Exercise:
Print every entry exactly as it appears, but skip the pictures.

#### Source material

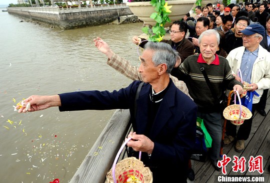 30多位参加纪念沈葆桢巡台140周年·船政名杰后人海祭先贤活动的船政名杰后人代表,沿福州马尾船政江滨廊道向闽江江面撒花瓣,寄哀思。中新社发 刘可耕 摄
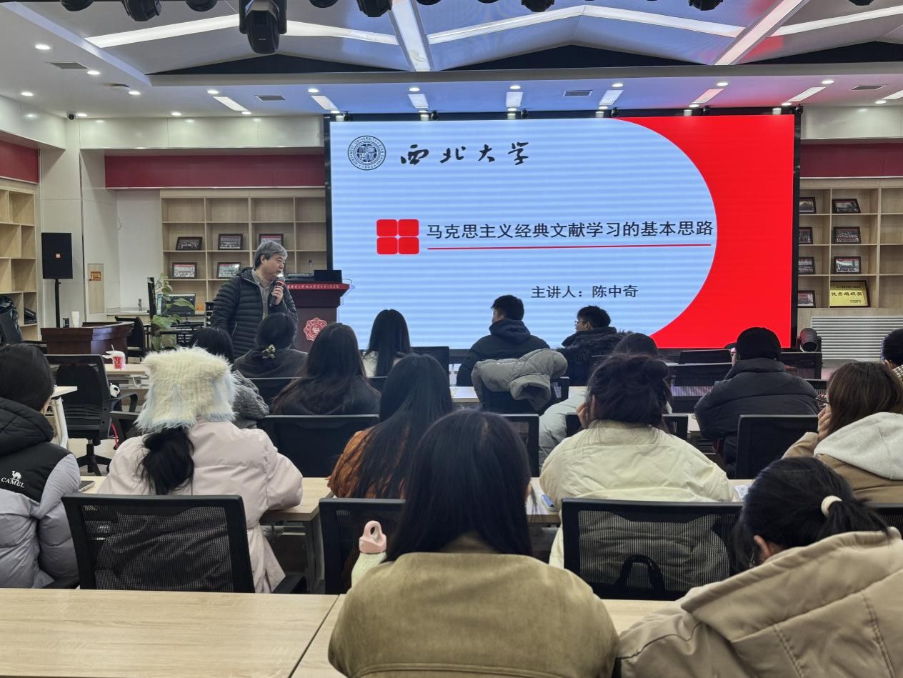 (通讯员 张国燕)为提高研究生对马克思主义经典文献的研读能力,夯实学术研究基础,yl6809永利于11月19日在B112学术报告厅举办研究生培养工作坊活动。本次活动特邀西北大学yl6809永利陈中奇教授担任主讲,学院40余名研究生参加。研究生盛梦秋主持报告会。
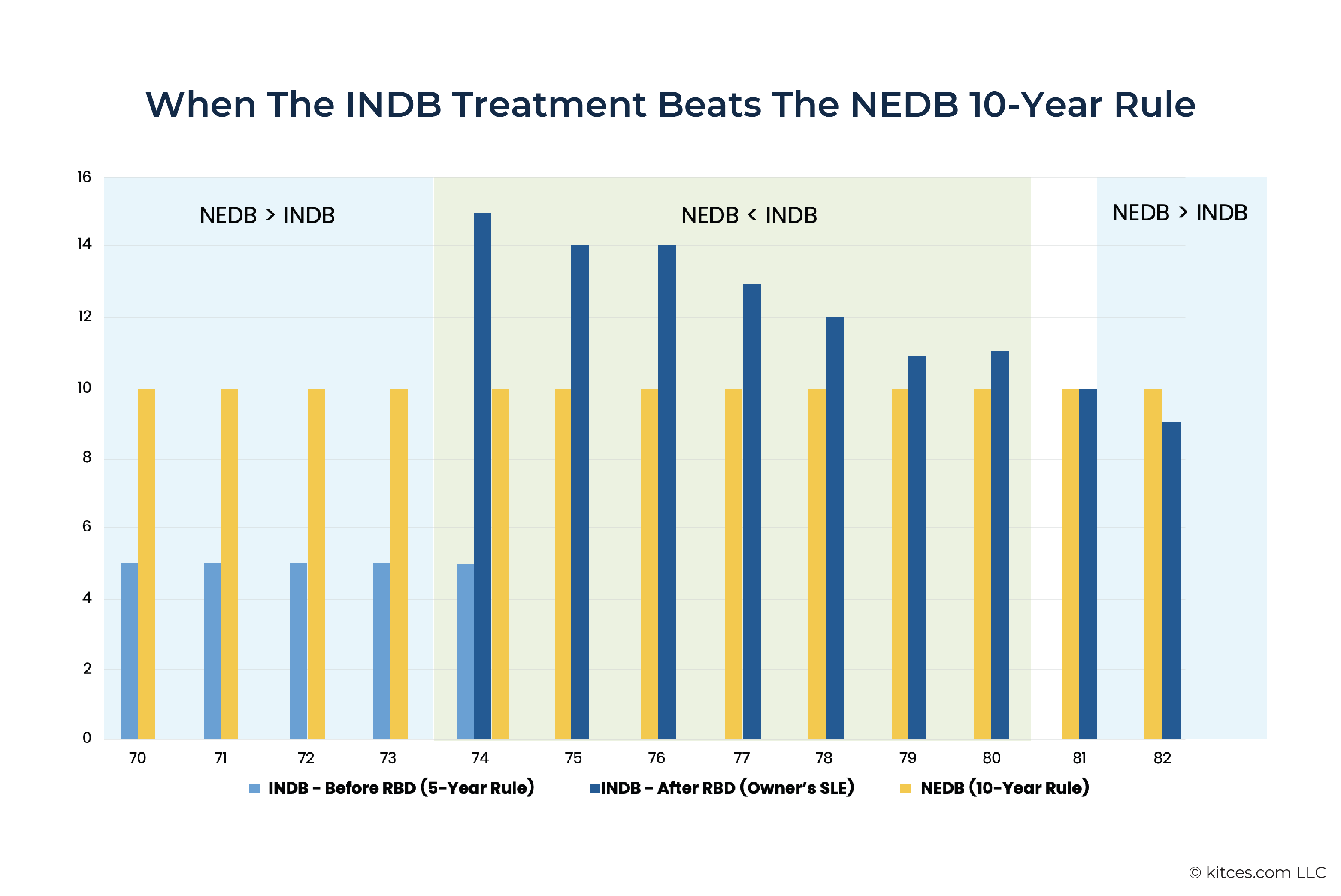 Importantly, once the owner survives past their RBD, the distribution schedules for NDBs is tied to the owner's remaining life expectancy – which, in the early post-RBD years, can exceed the 10-year rule by as much as five years. At that point, deliberately naming specific beneficiary designations, certain types of trusts, or even the owner's estate (all of which can make the heir an 'Intentional' NDB, or INDB) can stretch the payout period well beyond what an NEDB would receive. Still, as the owner ages and their remaining life expectancy shortens, NDB treatment eventually results in a shorter payout period than the 10-Year Rule – making it advantageous to revert back to an individual (i.e., NEDB) designation.
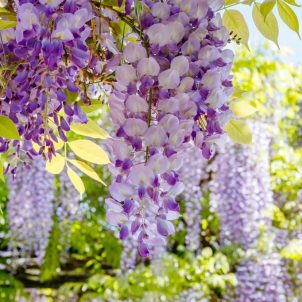 Early Dutch Honeysuckle. Large clusters of scented purple-red flowers, yellow inside, in May/June. Any soil in sun or part shade. Height: 5-7m.
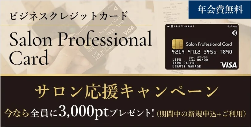 Salon Professional Card(サロンプロフェッショナルカード)は、理美容・エステ・ネイルなどの美容サロンを経営する事業者さまやフリーランスの方向けのビジネスカードであり、ビューティガレージでのお買い物はもちろんのこと、他店でのお買い物でもBGポイントがたまる、事業費決済専用のビジネスカードになります。
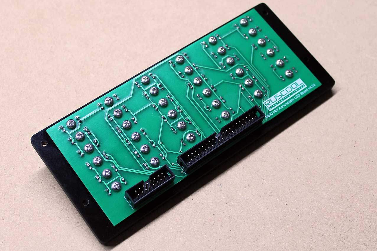 Our Main Annunciator Panel is shipped complete with a fully-populated LED circuit board, although there is no interface board supplied. There is a multi-Pin header on the rear of the LED circuit board to allow you to connect this to your own connector/controller board(s) or you can purchase one of our annunciator controller boards here.
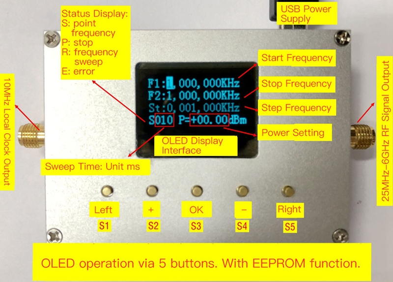 This is a wide-band practical handheld simple RF signal source, which is displayed on a computer host computer and integrates a high-performance frequency synthesizer and amplitude control unit (already calibrated) to ensure high performance. Small size, low power consumption and cost-effective performance.

########

Task output:
 30多位参加纪念沈葆桢巡台140周年·船政名杰后人海祭先贤活动的船政名杰后人代表,沿福州马尾船政江滨廊道向闽江江面撒花瓣,寄哀思。中新社发 刘可耕 摄
 (通讯员 张国燕)为提高研究生对马克思主义经典文献的研读能力,夯实学术研究基础,yl6809永利于11月19日在B112学术报告厅举办研究生培养工作坊活动。本次活动特邀西北大学yl6809永利陈中奇教授担任主讲,学院40余名研究生参加。研究生盛梦秋主持报告会。
 Importantly, once the owner survives past their RBD, the distribution schedules for NDBs is tied to the owner's remaining life expectancy – which, in the early post-RBD years, can exceed the 10-year rule by as much as five years. At that point, deliberately naming specific beneficiary designations, certain types of trusts, or even the owner's estate (all of which can make the heir an 'Intentional' NDB, or INDB) can stretch the payout period well beyond what an NEDB would receive. Still, as the owner ages and their remaining life expectancy shortens, NDB treatment eventually results in a shorter payout period than the 10-Year Rule – making it advantageous to revert back to an individual (i.e., NEDB) designation.
 Early Dutch Honeysuckle. Large clusters of scented purple-red flowers, yellow inside, in May/June. Any soil in sun or part shade. Height: 5-7m.
 Salon Professional Card(サロンプロフェッショナルカード)は、理美容・エステ・ネイルなどの美容サロンを経営する事業者さまやフリーランスの方向けのビジネスカードであり、ビューティガレージでのお買い物はもちろんのこと、他店でのお買い物でもBGポイントがたまる、事業費決済専用のビジネスカードになります。
 Our Main Annunciator Panel is shipped complete with a fully-populated LED circuit board, although there is no interface board supplied. There is a multi-Pin header on the rear of the LED circuit board to allow you to connect this to your own connector/controller board(s) or you can purchase one of our annunciator controller boards here.
 This is a wide-band practical handheld simple RF signal source, which is displayed on a computer host computer and integrates a high-performance frequency synthesizer and amplitude control unit (already calibrated) to ensure high performance. Small size, low power consumption and cost-effective performance.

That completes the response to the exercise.